- [REQUIRED ACTION]:
Find the line below with "下图是一个简单的例子,来自经" and the line with "This villa features". Output exactly those lines and everything between them, leaving out the pictures.

- [INFORMATION SUPPLIED]:
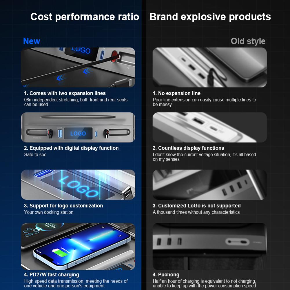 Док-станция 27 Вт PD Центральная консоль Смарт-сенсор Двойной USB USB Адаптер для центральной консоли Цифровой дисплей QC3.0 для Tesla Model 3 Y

---

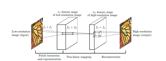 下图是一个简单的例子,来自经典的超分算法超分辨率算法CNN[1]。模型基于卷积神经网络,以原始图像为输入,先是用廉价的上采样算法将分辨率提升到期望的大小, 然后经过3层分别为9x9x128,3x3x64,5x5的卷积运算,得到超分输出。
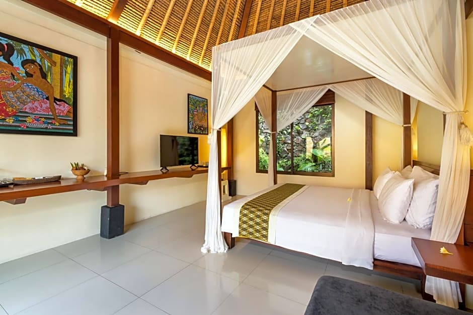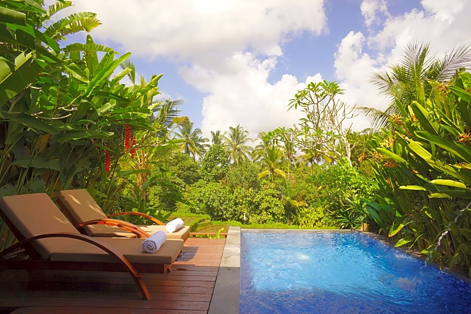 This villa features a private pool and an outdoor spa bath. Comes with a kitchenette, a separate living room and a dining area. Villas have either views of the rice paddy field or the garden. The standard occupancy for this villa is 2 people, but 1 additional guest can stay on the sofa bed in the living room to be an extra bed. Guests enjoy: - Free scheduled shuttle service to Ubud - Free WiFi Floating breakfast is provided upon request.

* * *

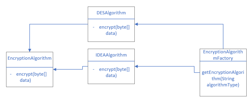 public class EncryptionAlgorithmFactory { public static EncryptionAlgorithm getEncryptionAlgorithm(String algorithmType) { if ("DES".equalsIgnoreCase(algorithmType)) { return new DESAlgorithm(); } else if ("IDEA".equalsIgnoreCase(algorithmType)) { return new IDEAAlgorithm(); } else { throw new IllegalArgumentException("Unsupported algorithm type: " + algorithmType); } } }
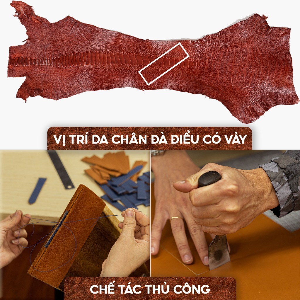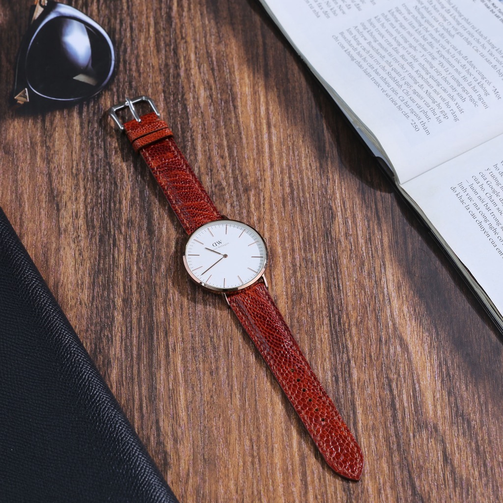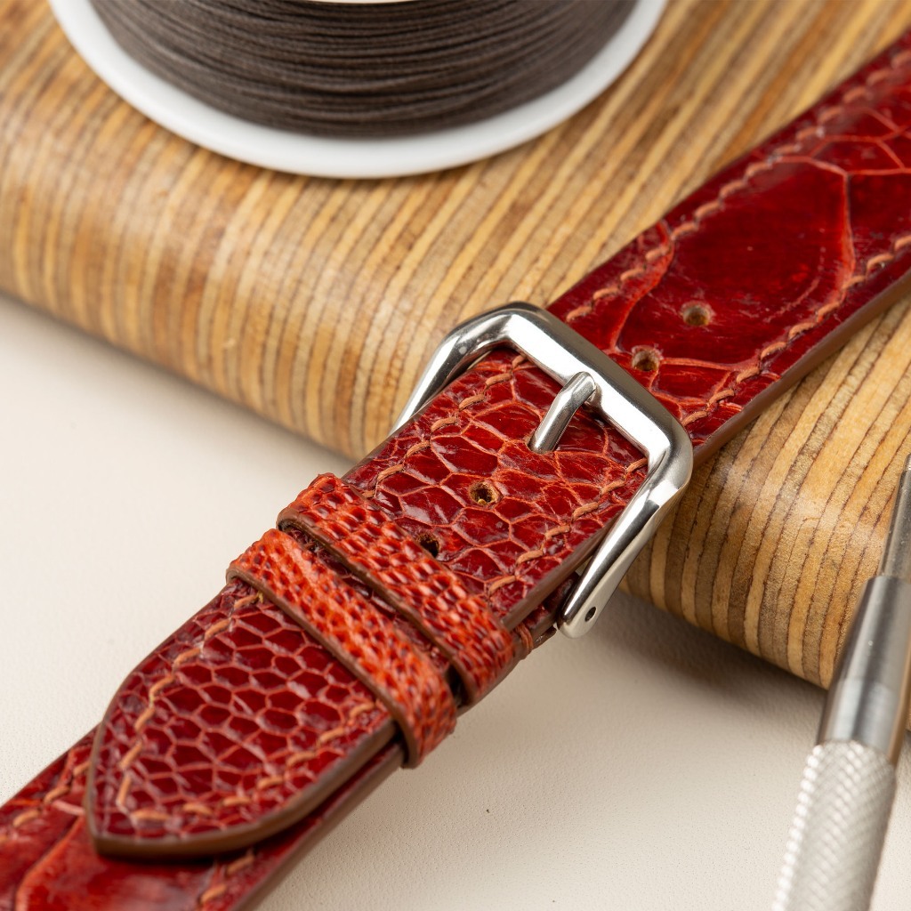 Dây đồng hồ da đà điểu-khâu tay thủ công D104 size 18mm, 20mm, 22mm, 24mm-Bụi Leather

- [ANSWER BOX]:
 下图是一个简单的例子,来自经典的超分算法超分辨率算法CNN[1]。模型基于卷积神经网络,以原始图像为输入,先是用廉价的上采样算法将分辨率提升到期望的大小, 然后经过3层分别为9x9x128,3x3x64,5x5的卷积运算,得到超分输出。
 This villa features a private pool and an outdoor spa bath. Comes with a kitchenette, a separate living room and a dining area. Villas have either views of the rice paddy field or the garden. The standard occupancy for this villa is 2 people, but 1 additional guest can stay on the sofa bed in the living room to be an extra bed. Guests enjoy: - Free scheduled shuttle service to Ubud - Free WiFi Floating breakfast is provided upon request.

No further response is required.